RECORD EXCERPTS:

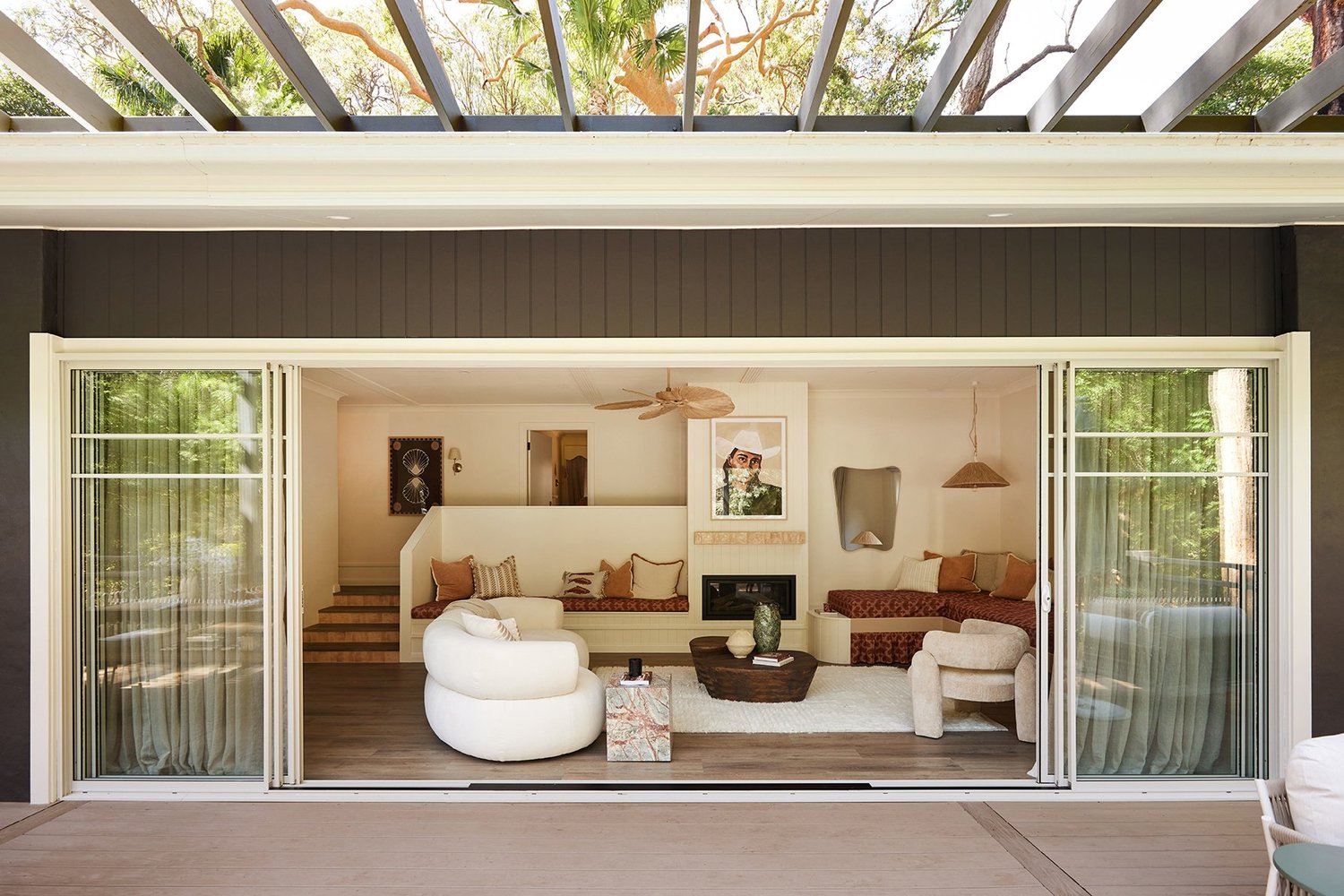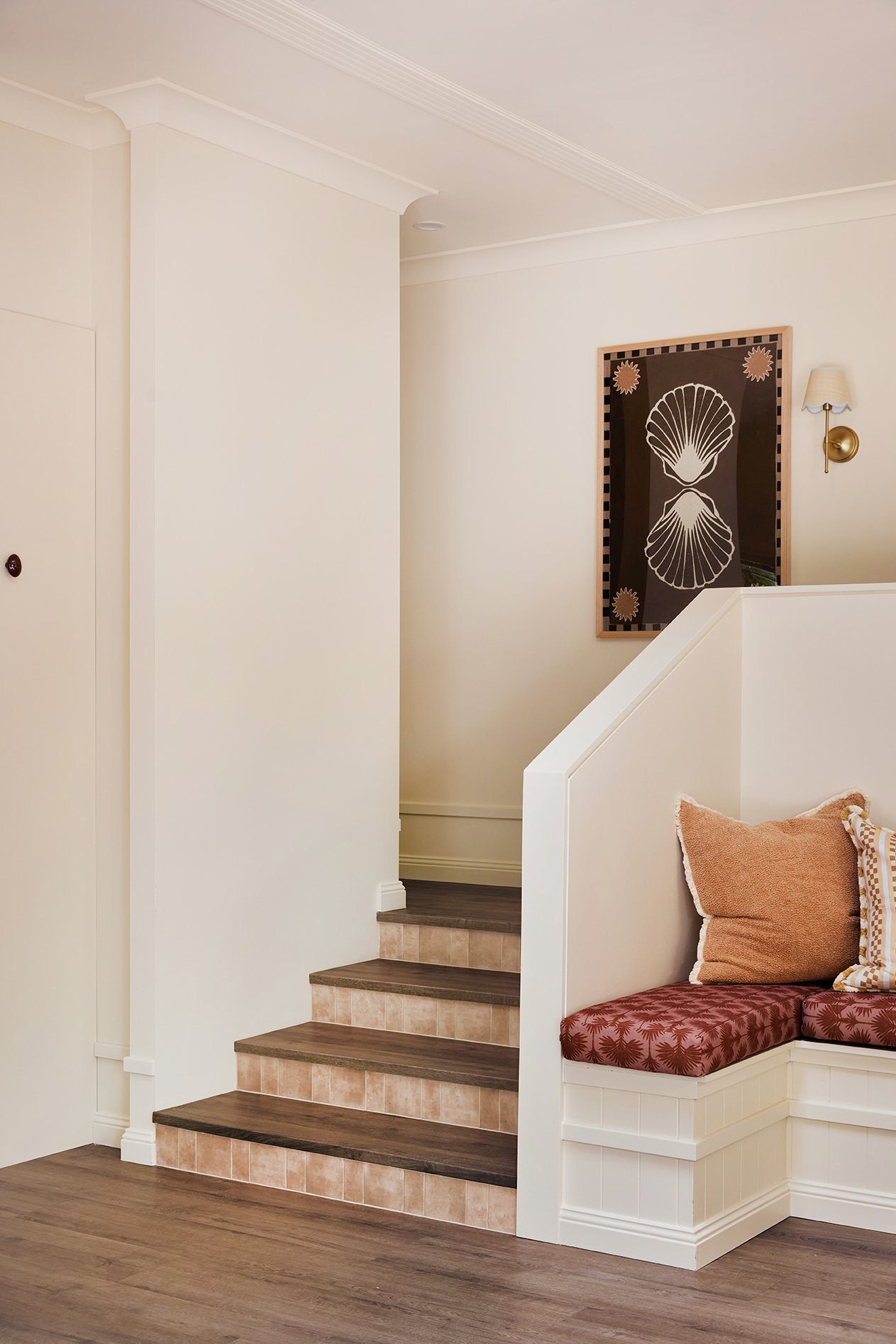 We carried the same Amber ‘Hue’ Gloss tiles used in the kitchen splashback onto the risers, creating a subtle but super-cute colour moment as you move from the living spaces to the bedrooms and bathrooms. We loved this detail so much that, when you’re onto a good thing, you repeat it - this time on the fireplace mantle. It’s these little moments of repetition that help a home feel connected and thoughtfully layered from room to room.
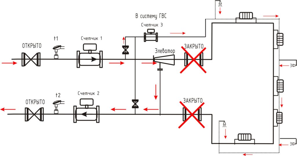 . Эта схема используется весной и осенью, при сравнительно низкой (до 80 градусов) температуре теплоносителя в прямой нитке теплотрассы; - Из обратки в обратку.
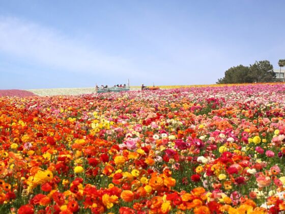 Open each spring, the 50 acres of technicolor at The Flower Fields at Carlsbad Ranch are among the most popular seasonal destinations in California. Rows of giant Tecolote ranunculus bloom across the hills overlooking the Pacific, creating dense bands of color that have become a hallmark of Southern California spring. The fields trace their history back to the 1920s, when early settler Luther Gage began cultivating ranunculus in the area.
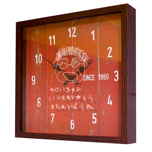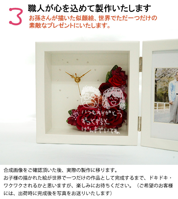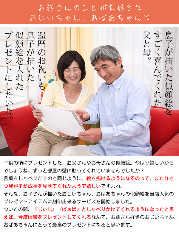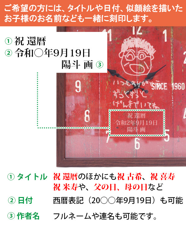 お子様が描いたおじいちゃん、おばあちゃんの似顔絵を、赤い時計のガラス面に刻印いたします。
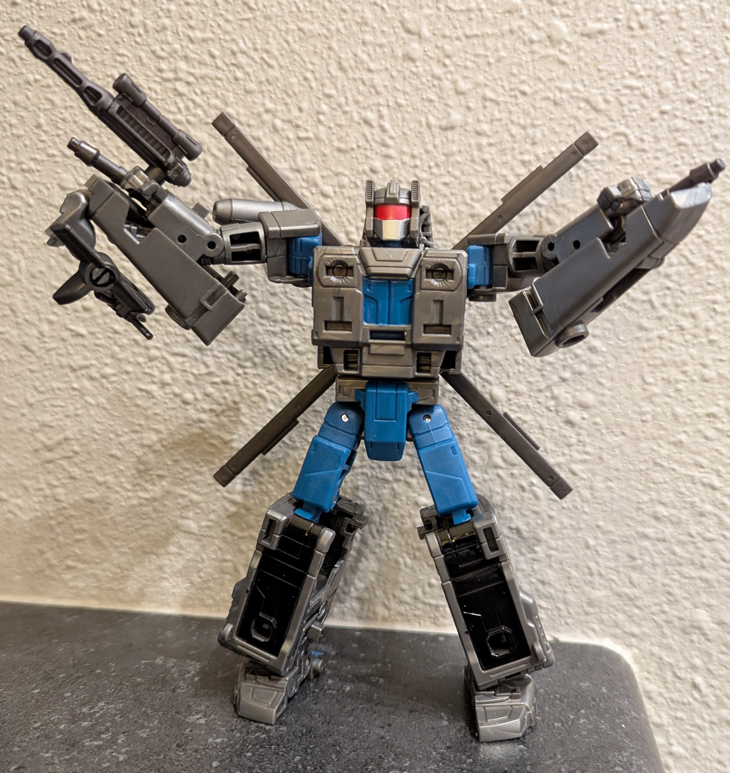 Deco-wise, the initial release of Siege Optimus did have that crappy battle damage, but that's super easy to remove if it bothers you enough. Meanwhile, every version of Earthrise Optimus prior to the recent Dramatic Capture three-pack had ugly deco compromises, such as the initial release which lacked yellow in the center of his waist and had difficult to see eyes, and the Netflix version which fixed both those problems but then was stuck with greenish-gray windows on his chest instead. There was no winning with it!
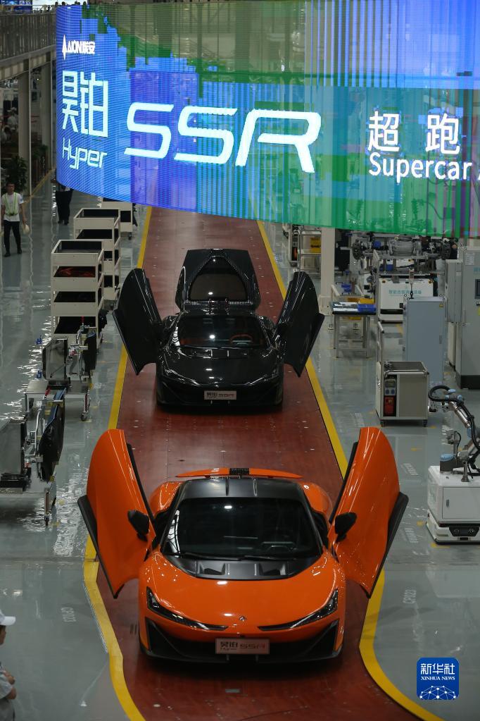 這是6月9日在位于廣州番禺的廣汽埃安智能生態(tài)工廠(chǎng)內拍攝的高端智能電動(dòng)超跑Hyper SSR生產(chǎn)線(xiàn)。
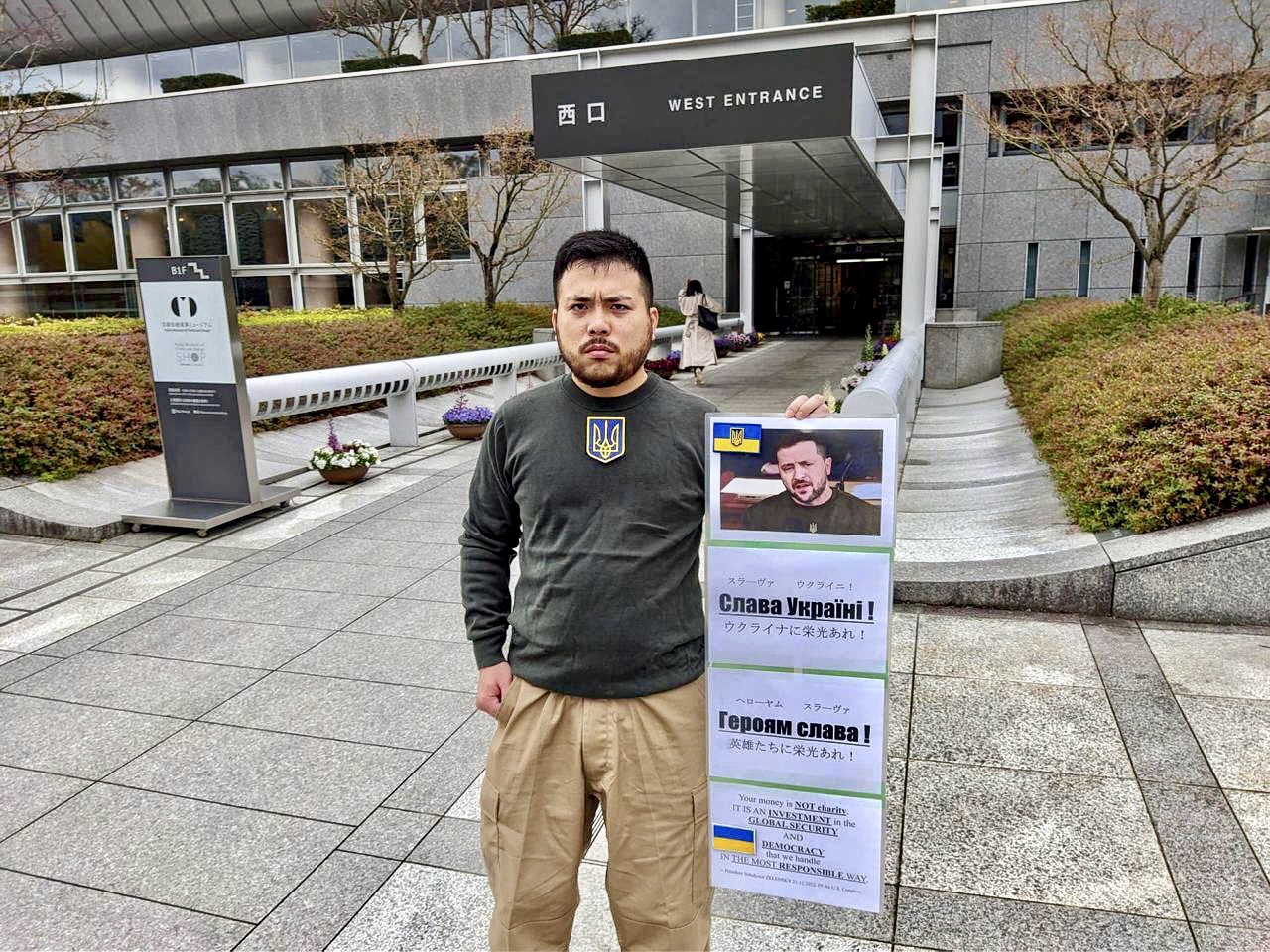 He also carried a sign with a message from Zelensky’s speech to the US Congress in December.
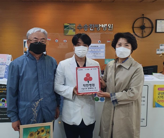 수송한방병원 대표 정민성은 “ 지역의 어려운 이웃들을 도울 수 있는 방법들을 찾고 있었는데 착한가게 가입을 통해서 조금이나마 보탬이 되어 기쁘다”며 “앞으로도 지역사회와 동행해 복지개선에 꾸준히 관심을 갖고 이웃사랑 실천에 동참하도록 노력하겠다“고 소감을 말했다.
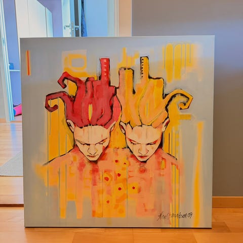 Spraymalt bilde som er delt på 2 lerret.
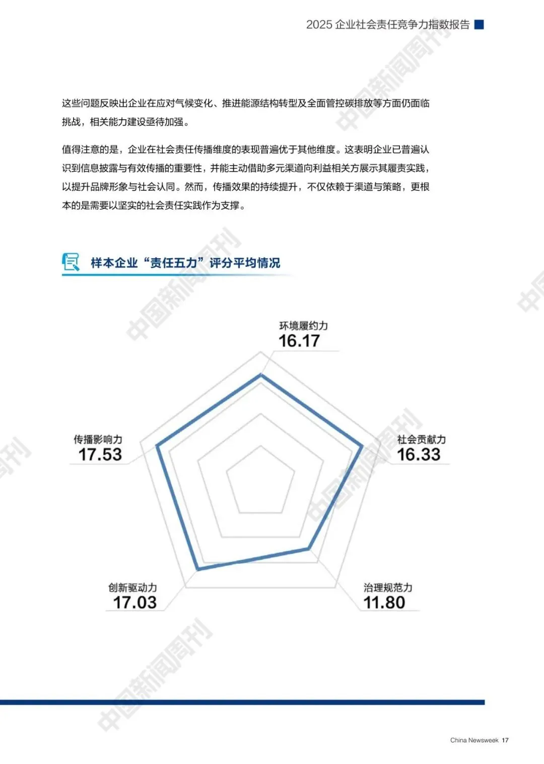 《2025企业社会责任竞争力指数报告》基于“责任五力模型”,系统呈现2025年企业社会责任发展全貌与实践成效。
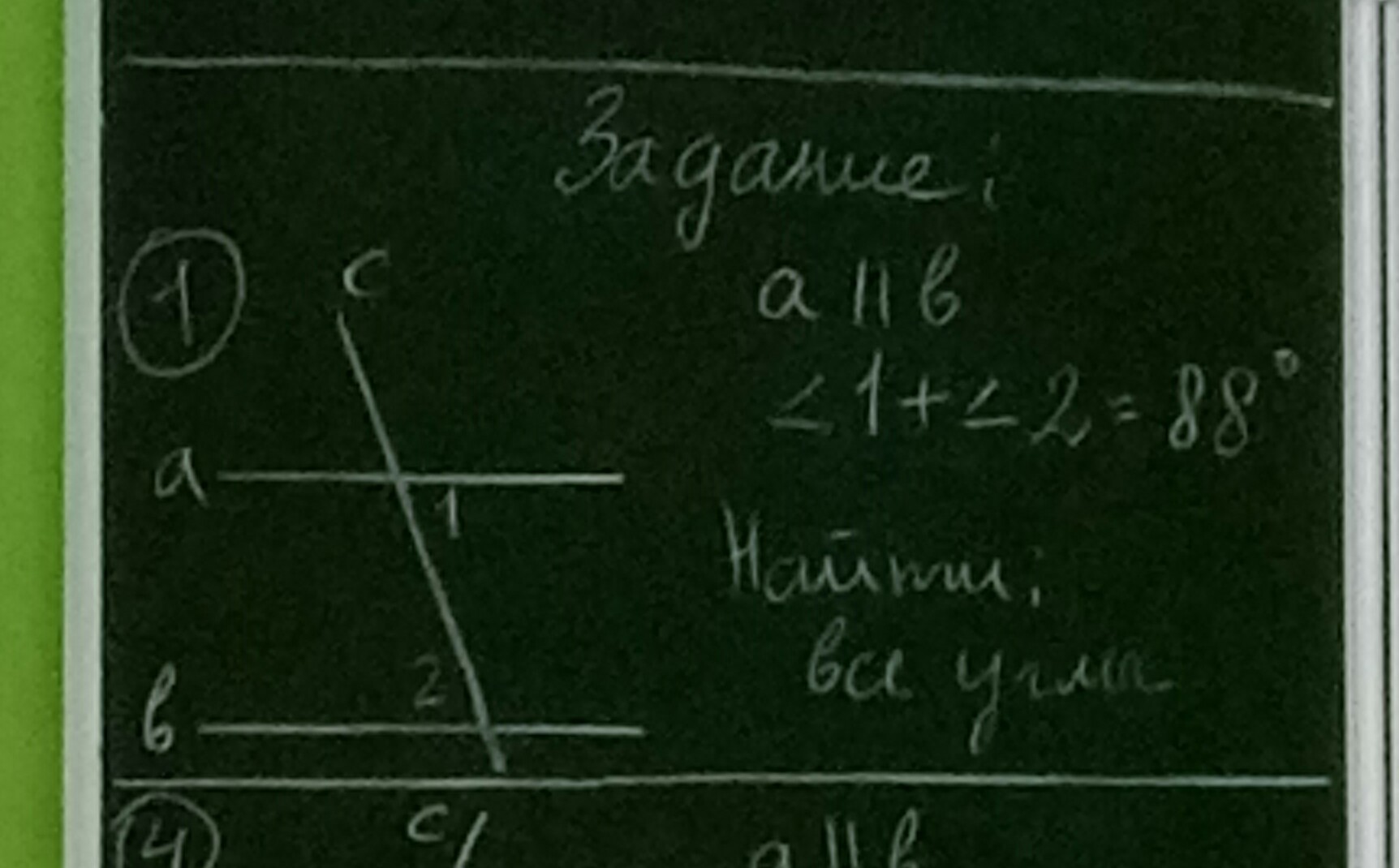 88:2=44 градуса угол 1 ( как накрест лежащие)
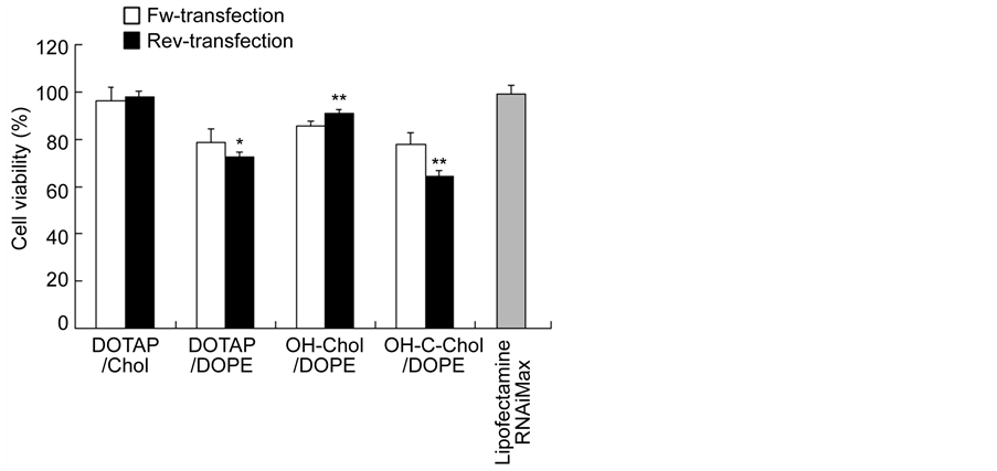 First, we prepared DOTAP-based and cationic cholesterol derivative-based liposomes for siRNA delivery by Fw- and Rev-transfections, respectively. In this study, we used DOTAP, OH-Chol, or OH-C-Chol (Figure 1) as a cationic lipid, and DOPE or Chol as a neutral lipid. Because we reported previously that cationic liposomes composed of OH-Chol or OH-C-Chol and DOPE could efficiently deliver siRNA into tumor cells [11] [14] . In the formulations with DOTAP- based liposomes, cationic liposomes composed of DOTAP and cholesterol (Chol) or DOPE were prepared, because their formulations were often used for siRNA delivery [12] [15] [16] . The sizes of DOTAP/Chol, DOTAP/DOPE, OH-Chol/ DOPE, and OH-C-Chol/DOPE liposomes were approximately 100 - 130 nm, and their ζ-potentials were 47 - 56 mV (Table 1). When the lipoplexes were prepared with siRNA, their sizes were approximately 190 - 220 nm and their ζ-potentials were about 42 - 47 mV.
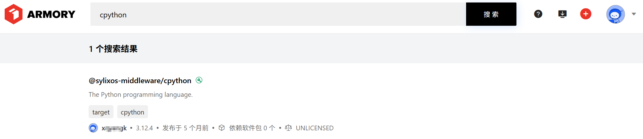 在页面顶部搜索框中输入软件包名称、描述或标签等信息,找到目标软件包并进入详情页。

TO DO: Every line between the start of the listing and the line containing "обратки в обратку.", both ends counted, needs to be printed exactly, minus the pictures.

TASK ANSWER:
 We carried the same Amber ‘Hue’ Gloss tiles used in the kitchen splashback onto the risers, creating a subtle but super-cute colour moment as you move from the living spaces to the bedrooms and bathrooms. We loved this detail so much that, when you’re onto a good thing, you repeat it - this time on the fireplace mantle. It’s these little moments of repetition that help a home feel connected and thoughtfully layered from room to room.
 . Эта схема используется весной и осенью, при сравнительно низкой (до 80 градусов) температуре теплоносителя в прямой нитке теплотрассы; - Из обратки в обратку.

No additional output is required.